Uma mudança de paradigma está ocorrendo nos Estados Unidos, onde os candidatos a cargos políticos democráticos estão começando a se preocupar em não serem considerados “demais” pró-Israel. Isso é um reflexo do crescente clima de hostilidade em relação à nação judaica, particularmente em meio à crescente influência do movimento de boicote, desinvestimento e sanções (BDS) contra Israel.
A mudança começou a ser percebida após a eleição de 2020, quando o candidato democrata Marc Lamont Hill foi criticado por seus antigos aliados por ter comparecido a um evento em que o BDS foi defendido. No entanto, foi a eleição de 2022 que mostrou claramente a direção em que o vento está soprando. Nesse ano, dois candidatos democratas, Lander e Avila Chevalier, buscaram transformar o apoio de seus opositores a Israel em um fracasso moral definitivo.
Essa mudança de percepção é um reflexo do crescimento do movimento BDS nos Estados Unidos. O movimento, que defende a ideia de que Israel é um Estado racista e que deve ser boicotado, desinvestido e sanionado, tem ganhado força nos últimos anos. Além disso, a crescente influência de figuras como Noam Chomsky, que defendem a ideia de que Israel é um Estado colonialista, também tem contribuído para essa mudança de percepção.
A preocupação dos candidatos democráticos em não serem considerados “demais” pró-Israel é um reflexo da crescente polarização em torno da questão israelense nos Estados Unidos. Enquanto alguns veem Israel como um aliado importante dos EUA, outros o veem como um Estado opressor que merece ser punido. Esse clima de hostilidade é um desafio para os candidatos democráticos, que precisam equilibrar sua posição em relação a Israel com a necessidade de atrair votos de eleitores que são cada vez mais hostis à nação judaica.
A mudança de percepção em relação a Israel também é refletida em outras áreas. Em 2020, a ONU aprovou uma resolução que condenava a política de ocupação de Israel na Cisjordânia. Além disso, vários países, incluindo a França e o Reino Unido, têm aumentado sua pressão sobre Israel para que aceite uma solução de dois Estados.
No entanto, é importante lembrar que a maioria dos Estados Unidos ainda apoia Israel. De acordo com um levantamento realizado em 2022, 63% dos americanos acreditam que Israel é um aliado importante dos EUA. Além disso, muitos democratas ainda mantêm uma posição pró-Israel, embora alguns tenham começado a se afastar da posição oficial do partido.
Em resumo, a mudança de percepção em relação a Israel nos Estados Unidos é um reflexo do crescente clima de hostilidade em relação à nação judaica.
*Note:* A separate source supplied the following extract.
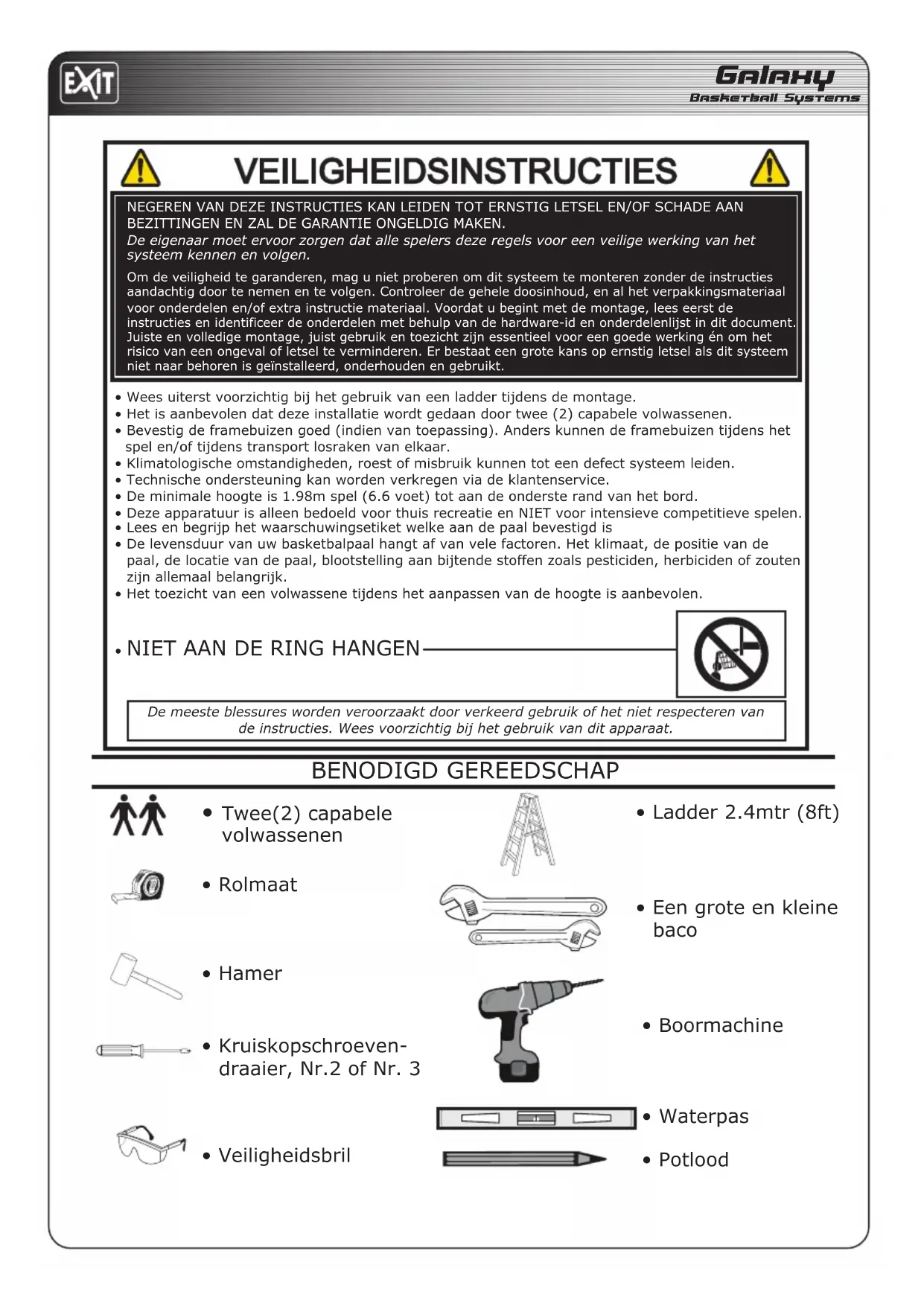 Voor alle EXIT Galaxy basketbalsystemen inclusief de Showroommodellen geldt dat ze gemonteerd dienen te worden volgens de instructies. Voorkom ERNSTIGE VERWONDINGEN en houd u aan de voorschriften. De meeste ernstige verwondingen komen voortuit onjuist gebruik en/of het Niet naleven van de voorschriften. Wees voorzichtig bij het gebruik van dit frame.
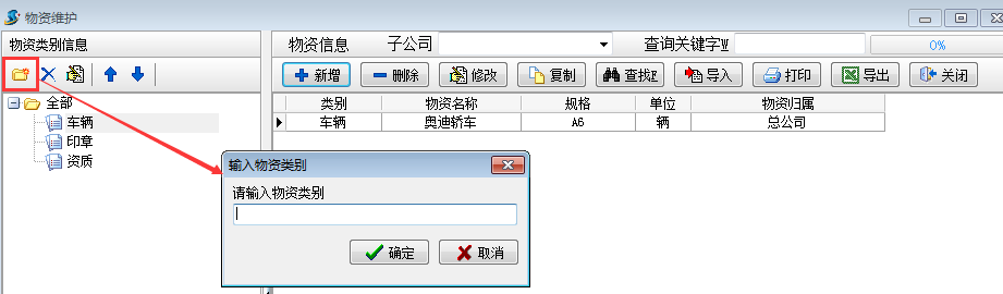 物資類別信息編輯工具欄是用來編輯物資分類。

A preocupação dos candidatos democráticos em não serem considerados “demais” pró-Israel é um desafio para os partidos políticos e pode ter implicações importantes para a política externa dos EUA no futuro.
📖 Perspectiva Bíblica
“Não se deixem enganar; nem os malfeitores se deixem enganar. O tempo de julgamento já chegou.” (Mateus 24:4)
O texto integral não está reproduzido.